Please note that the Technical Evolution Strategy documents have been moved within the WLCG Document Repository. The folder is now under this area.

Check site gstat values

Tier-1 - Status Page

Tuesday 12th June

A new version of the Castor Information Provider (CIP) was rolled out on Wednesday 6th June.
Problem of starting diesel generator discovered during test on 6th June was resolved the next day.
Atlas Castor instance switched to use Transfer Manager on Thu. 7th June.
Failure of a power dist. unit caused problems for a network switch and some of the BDII nodes on Thursday afternoon 7th June.
Problem during morning of Friday 8th June with one of the FTS agent nodes caused a problem with file transfers particularly to/from the RAL Tier1.
Problem with DNS lookups for nodes at Fermilab investigated and fixed during Friday morning 8th June.
There was a short disconnect in our network connectivity for around 15 minutes around 17:30 on Friday 8th June.
Castor 2.1.11-9 update and LFC/FTS database Oracle 11 updates scheduled for Wednesday 13th June.
WMS01 unavailable Thu 14 to Wed 20 June for drain and re-installation.
Site unavailable for networking upgrade on Tuesday morning 19th June.

Storage & Data Management - Agendas/Minutes

Wednesday 6 June 2012 - we are still digesting CHEP information, see also blog, plus a few of the usual operational upgradional stuff. Hoping to find a few spare clock cycles for some slightly more experimental stuff.
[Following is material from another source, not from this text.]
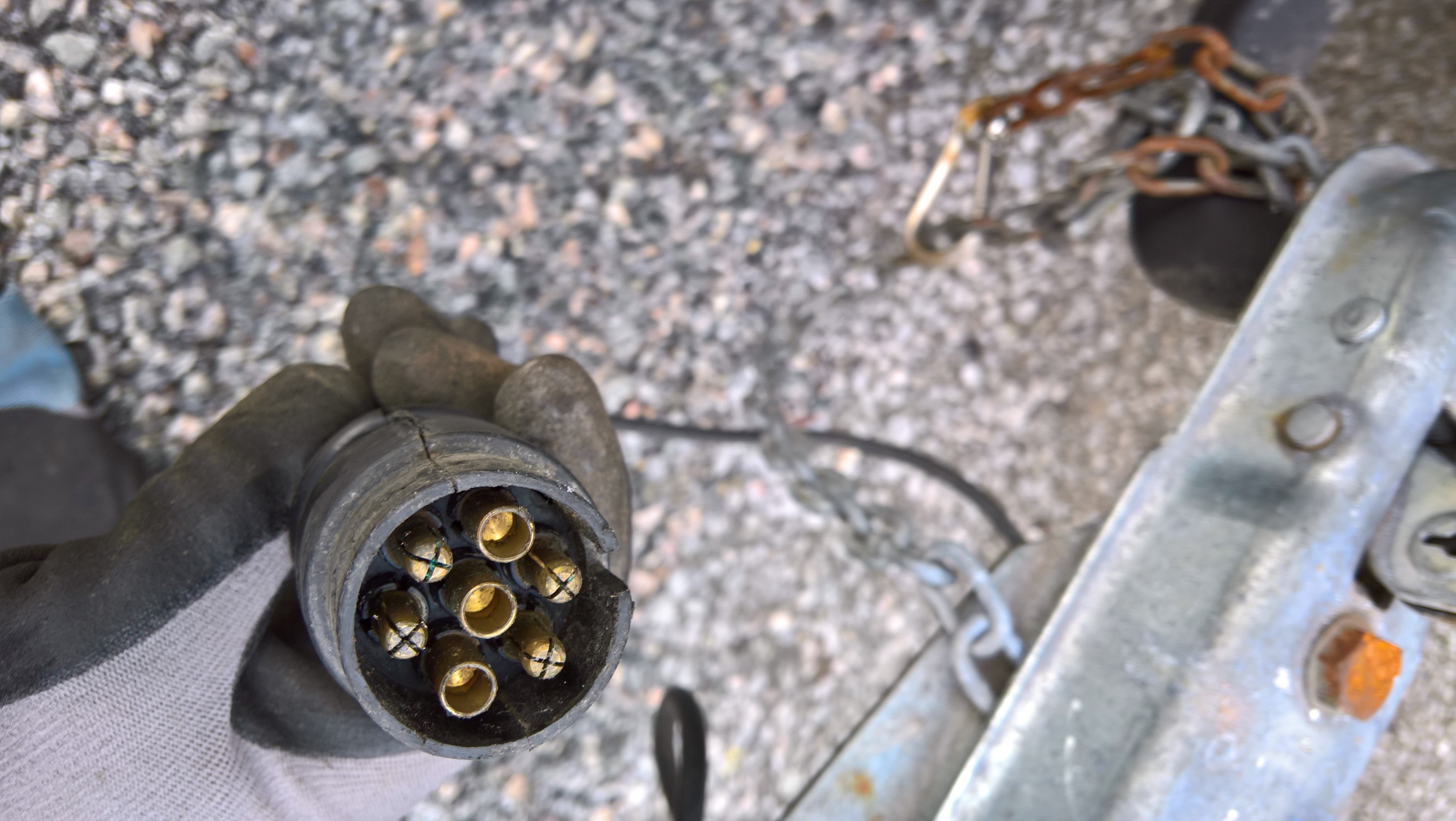 The Tesla Model X comes with a new 13-pin female connector and most older trailers have a old 7 pin male connector.

Wednesday 23 May 2012 - lots of exciting stuff at CHEP, we have about five things in, some posters, some oral.

Accounting - UK Grid Metrics HEPSPEC06

Wednesday 6th June - Core-ops

Request sites to publish HS06 figures from new kit to this page.

Please would all sites check the HS06 numbers they publish. Will review in detail on 26th June.
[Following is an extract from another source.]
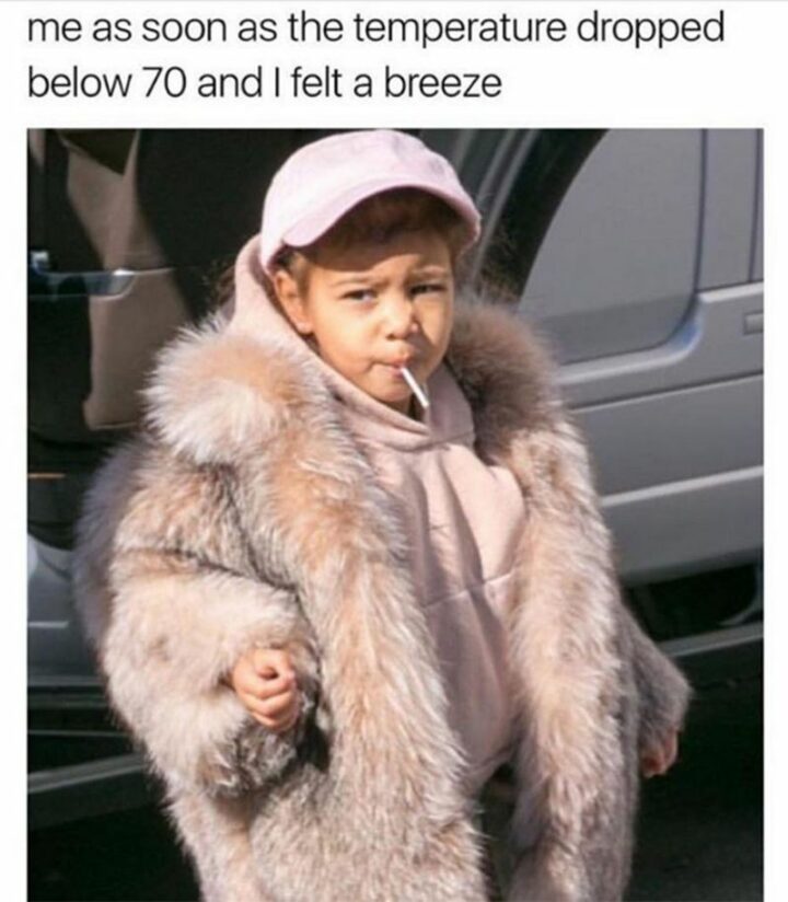 3) “Me as soon as the temperature dropped below 70 and I felt a breeze.”

Friday 11th May - HEPSYSMAN

Discussion on HS06 reminding sites to publish using results from 32-bit mode benchmarking. A reminder for new kit results to be posted to the HS06 wiki page. See also the blog article by Pete Gronbech. The HEPiX guidelines for running the benchmark tests are at this link.

Friday 4th May - TB-SUPPORT

long-standing problem that gstat overcounts things like RunningJobs and TotalJobs if there are multiple CE nodes feeding the same set of queues. The gstat developers have just put a comment on ticket for that indicating that they have done something to remove the duplicates:

Check using: http://gstat2.grid.sinica.edu.tw/gstat/summary/Country/UK/

Documentation - KeyDocs

Wednesday, 6th June

Released a document, hep.ph.liv.ac.uk/~sjones/VomsSnooper.odt, that describes how to

Maintain site VOMS info document for the approved VOs
Check a site's VOMS records correspond exactly with CIC portal
Create new site VOMS records direct from CIC portal, without manual transcription

Note: I'm accepting tips from GridPP core task members etc. about other use cases for these processes.

This will be converted to wiki formatted and made available in the normal way. Next jobs:

review logical/sequence of VOMS admin process, document it if it works, fix it if it doesn't.
create standard baseline for proxy renewal process, and write it up in wiki.

Note: I'm accepting tips from other Gridpp core team members etc. for document priorities. Please think about where the problems lie (i.e. what costs us yet is easy to fix) and get back to me.

Tuesday, 29th May

VOMS Records in GridPP Approved VO list now up to date with CICs Portal XML. This can be used by Site Admins to ensure their site-info.def/vo.d directories are up to date. A tool, SidFormatter, will be released this week to facilitate comparison with the benchmark. A process has been devised to ensure that GridPP Approved VO is kept up to date to within a week of CIC Portal changes. Consultation to be made about further fields that we may wish to advertise in this manner.

Friday 27th April

Appeal for a volunteer to enhance "Grid User Crash Course" (https://www.gridpp.ac.uk/wiki/Grid_user_crash_course) with simple use case for dependable proxy renewal for long jobs, as this is a recurrent requirement that has caused multiple queries on TB_SUPPORT.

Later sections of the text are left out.